Dans les poursuites à Montmartre on voit que c’est effectivement toi qui conduis.
AVA BAYA : Oui, et j'étais heureuse, parce que je pense que ça apporte toujours un "plus" de voir l’acteur en situation dans ces scènes d’action ou de cascades. Le spectateur est davantage impliqué. Mais pour le jeu, c’est compliqué. Dans ces scènes, tu es concentré non pas sur ton personnage, mais sur la technique et la cascade. Dans les séquences à Montmartre, j'étais très concentrée sur la sécurité et, tout à coup, il fallait switcher pour jouer. C’est intéressant d’un point de vue psy : quand tu dois passer à l'émotion, tu es obligée de quitter une sorte de carapace émotionnelle.
C'est d'autant plus intéressant, que cette idée de la carapace définit aussi ton personnage. Soelie verrouille tout, ne laisse rien sortir. Comment est-ce que tu a construit ce rôle ?
AVA BAYA : L'acteur participe toujours à l'élaboration de son personnage, parce que ce qu'on reçoit, c'est une feuille blanche qu'on doit remplir de complexités et de vécus. Quand j’ai commencé à réfléchir à Soelie, je me suis dit que c'était quelqu'un qui avait subi un trauma. Elle avait été traumatisée par la mort de sa mère et par un accident de moto. C’est une fille qui ne peut plus conduire alors que c'est sa passion. Plutôt que de se morfondre, elle a décidé de se mettre en retrait, de laisser briller son frère. C'est beau cette discrétion. Et j'avais envie qu'on lise ça sur son visage, dans son attitude : sa force, son sacrifice, ses choix. Quand on la regarde, on la respecte parce qu'on connaît son palmarès. Elle n'a rien à prouver.

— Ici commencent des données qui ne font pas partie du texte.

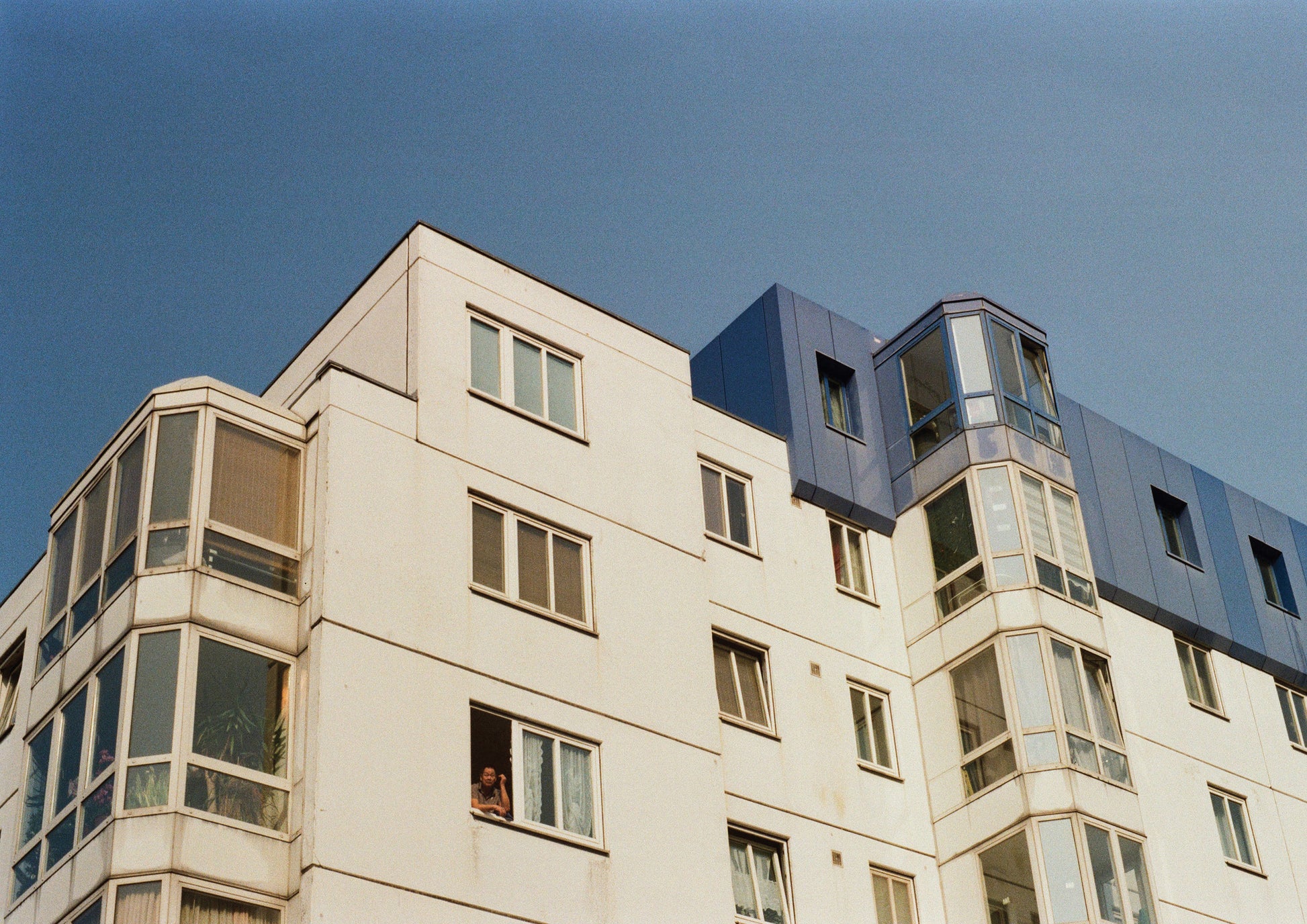 A Room in the Sky captures a quiet tension between solitude and life unfolding. A man stands behind a cream-colored window, high above the street, while balconies hum with hints of daily moments.

C'est aussi une femme qui baigne dans un environnement très masculin.
AVA BAYA : Et qui prend tous les risques pour défendre sa famille. Elle assume ses responsabilités et elle y va. Et elle compose avec sa peur. Ce n'est pas quelqu'un qui n'a pas peur, au contraire. Elle a peur. Comme moi. Dans la vie, j'ai peur, j'ai des doutes, je suis fragile sur plein de choses. Et pour moi, la moto c'est ça. Apprendre à dompter ses craintes.

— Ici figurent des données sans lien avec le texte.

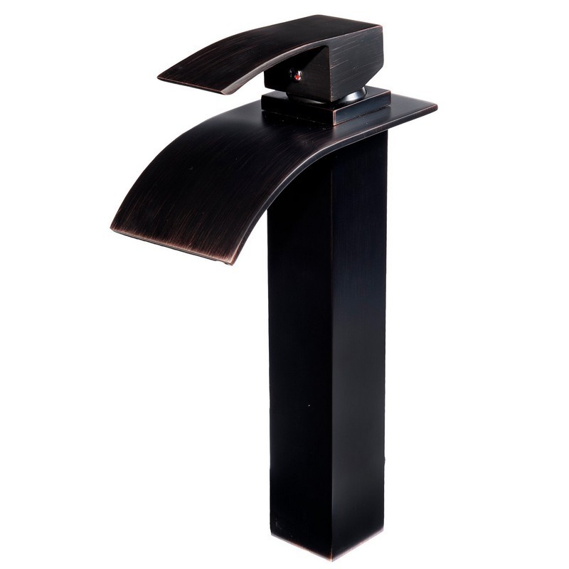 - Waterfall vessel faucet with oil rubbed bronze finish; Single handle control

Tu as cherché des inspirations particulières pour ce personnage ?
AVA BAYA : Olivier Schneider nous parlait beaucoup de Braquages à l’italienne, mais moi je me suis surtout inspirée de Frances McDormand dans Three Billboards. Cette carapace qui tombe, cette détermination, cette force... ça m'a beaucoup marqué et j'ai essayé, à mon niveau, de retrouver ça.